Call of Duty

Raven Software Implements Warzone Feature Showing Hackers Banned in Real Time

Call of Duty (COD): Warzone players will be able to see when a hacker is discovered and subsequently banned within their own match.
Call of Duty (COD): Warzone players will be able to see when a hacker is discovered and subsequently banned within their own match. / Activision, Raven Software

Call of Duty (COD): Warzone players will be able to see when a hacker is discovered and subsequently banned within their own match.

Raven Software, the lead development studio working on Warzone, patched a new feature this week that allows players to see hackers getting detected and banned while playing the game. This is likely meant to be both a deterrent and safeguard ahead of the COD: Vanguard announcement set for Thursday, Aug. 19. There's nothing like a new game announcement to have players swarm back to a franchise in droves.

It looks like the company is making good on its anti-cheat promise, after all.

Raven Software Implements Feature That Uncovers Hackers

The feature was originally uncovered by @charlieINTEL, a news outlet for COD. According to them, the company "updated the kill feed in Warzone to now show when they ban a player during a game."

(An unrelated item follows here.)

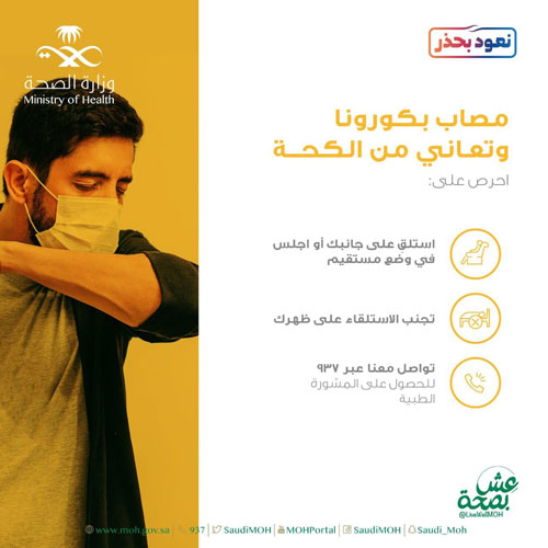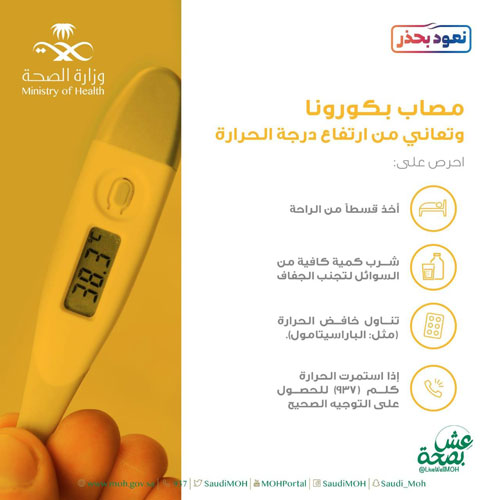دعت وزارة الصحة المصابين بفيروس كورونا المستجد كوفيد 19، ويعاني من ارتفاع درجة الحرارة بأخذ قسط من الراحة، والحرص على شرب كمية كافية من السوائل لتجنب الجفاف. وأبانت عبر إنفوجرافيك نشرته في حسابها على تويتر ومنصتها التوعوية «عش بصحة» بتناول خافض الحرارة (مثل الباراسيتامول) والتواصل مع مركز 937 في حال استمرار ارتفاع درجة الحرارة، وذلك للحصول على التوجيه الصحيح. كما دعت «الصحة» المصاب بكورونا، ويعاني من الحكة بالاستلقاء على الجانب أو الجلوس في وضع مستقيم، مع تجنب الاستلقاء على الظهر، وكذلك التواصل مع فريق 937 لأخذ المشورة الطبية. أما المصاب بكورونا ويعاني من ضيق تنفس بسيط، فقد أكدت «الصحة» على أهمية المحافظة على الهدوء والجلوس بشكل معتدل على المقعد وإرخاء الكتفين، والتنفس بعمق (شهيق من الأنف مع إبقاء الفم مغلق ثم إخراج الزفير من الفم ببطء)، ويمكن الاطلاع على الإنفوجرافيك عبر الرابط التالي https://twitter.com/livewellmoh/status/1305890026794946562?s=21. وجدّدت «الصحة» التوصية لكل مَنْ لديه أعراض التوجه لعيادات تطمن التي هيأتها «الصحة» لخدمة مَنْ يشعر بأعراض فيروس (كورونا) المستجد، أو مراكز تأكد التي خصّصتها الصحة لخدمة الذين لا يشكون أعراضًا، أو لديهم أعراض خفيفة، ويظنون أنه حدثت لهم مخالطة لشخص مصاب، وذلك بحجز موعد من خلال تطبيق (صحتي)، أو الاتصال برقم مركز (937) للاستشارات والاستفسارات على مدار الساعة، الذي أصبح الآن أقرب إلى الجميع من ذي قبل، بحيث يمكن الاستفادة من خدماته التفاعلية، من خلال تطبيق (واتس آب) عبر رقم 920005937، والاستفادة من الخدمات التفاعلية الجديدة الموجودة به، والحصول على المعلومات الصحية والخدمات، ومعرفة مستجدات فيروس (كورونا)، ومراكز الرعاية الأولية، ومراكز التبرع بالدم، والمواعيد وكيفية الحصول عليها.

"The kill feed now says 'Username has been banned' instead of 'disconnected,'" they wrote in a tweet, attaching a blacked-out image with that text.

Some players have reported this update goes even further than simple visual notification. Hacking groups and Discord servers have posted about the update with concern, citing that Raven has added some "new stuff" to the anti-cheat software. Additional work will be needed in order to keep it undetectable, one screencap says.

The news has shocked and emboldened both players and content creators, alike. JGOD, one of the biggest names in the game who expressed deep frustration with the lack of action against cheating, replied to the announcement with a "speechless" gif.

Several called it a "win"—in no uncertain terms. Clearly, being able to see that the company's software was working as intended in some capacity went a long way for otherwise struggling Warzone fans.

Others jumped on the joke with additional suggestions. International eSports and Gaming Host Paola Alejandra (@pancakepow) replied that the notification should include some form of the shame walk from HBO's Game of Thrones.

Still, a handful were left unconvinced or otherwise unmoved. Some doubted it was real at all and that perhaps the feature randomly made up usernames to pretend to ban. The fact that these hackers likely had an arsenal of additional accounts was a popular rebuttal, as well. Unfortunately, with a game as infested as Warzone has become, it will likely take longer for players to see the magnitude of results.

Neither Raven nor Activision have let any details slip about a new anti-cheat overhaul meant to drop with Vanguard at the time of writing.